### Exercise directions
Each line of the data below should be restated exactly, with images left out.

### Given material
============================================================
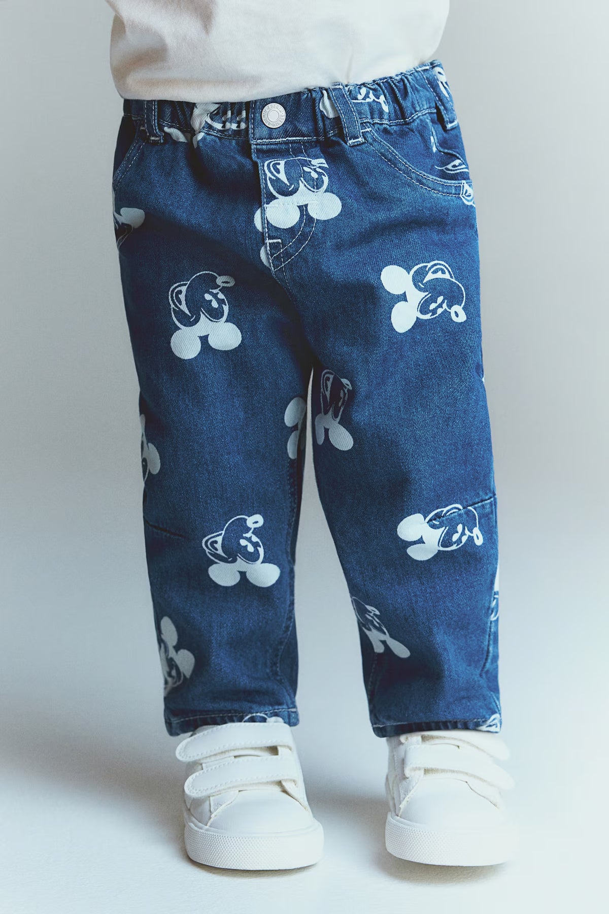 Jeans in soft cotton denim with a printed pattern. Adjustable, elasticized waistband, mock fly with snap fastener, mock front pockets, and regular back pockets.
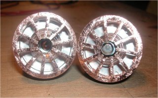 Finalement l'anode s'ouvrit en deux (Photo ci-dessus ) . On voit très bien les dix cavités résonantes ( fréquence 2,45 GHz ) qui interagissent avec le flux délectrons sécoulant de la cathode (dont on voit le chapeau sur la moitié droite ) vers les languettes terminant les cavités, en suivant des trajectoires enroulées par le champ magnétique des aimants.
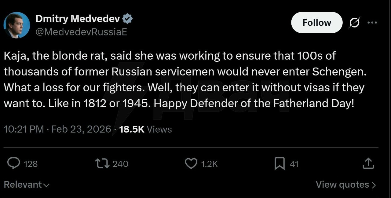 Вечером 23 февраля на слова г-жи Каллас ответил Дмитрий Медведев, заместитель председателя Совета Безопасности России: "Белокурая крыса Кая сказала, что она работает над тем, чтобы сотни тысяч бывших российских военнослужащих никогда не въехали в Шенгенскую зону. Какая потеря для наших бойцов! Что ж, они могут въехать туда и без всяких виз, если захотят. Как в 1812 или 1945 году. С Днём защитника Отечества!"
============================================================
### Result for this exercise
 Jeans in soft cotton denim with a printed pattern. Adjustable, elasticized waistband, mock fly with snap fastener, mock front pockets, and regular back pockets.
 Finalement l'anode s'ouvrit en deux (Photo ci-dessus ) . On voit très bien les dix cavités résonantes ( fréquence 2,45 GHz ) qui interagissent avec le flux délectrons sécoulant de la cathode (dont on voit le chapeau sur la moitié droite ) vers les languettes terminant les cavités, en suivant des trajectoires enroulées par le champ magnétique des aimants.
 Вечером 23 февраля на слова г-жи Каллас ответил Дмитрий Медведев, заместитель председателя Совета Безопасности России: "Белокурая крыса Кая сказала, что она работает над тем, чтобы сотни тысяч бывших российских военнослужащих никогда не въехали в Шенгенскую зону. Какая потеря для наших бойцов! Что ж, они могут въехать туда и без всяких виз, если захотят. Как в 1812 или 1945 году. С Днём защитника Отечества!"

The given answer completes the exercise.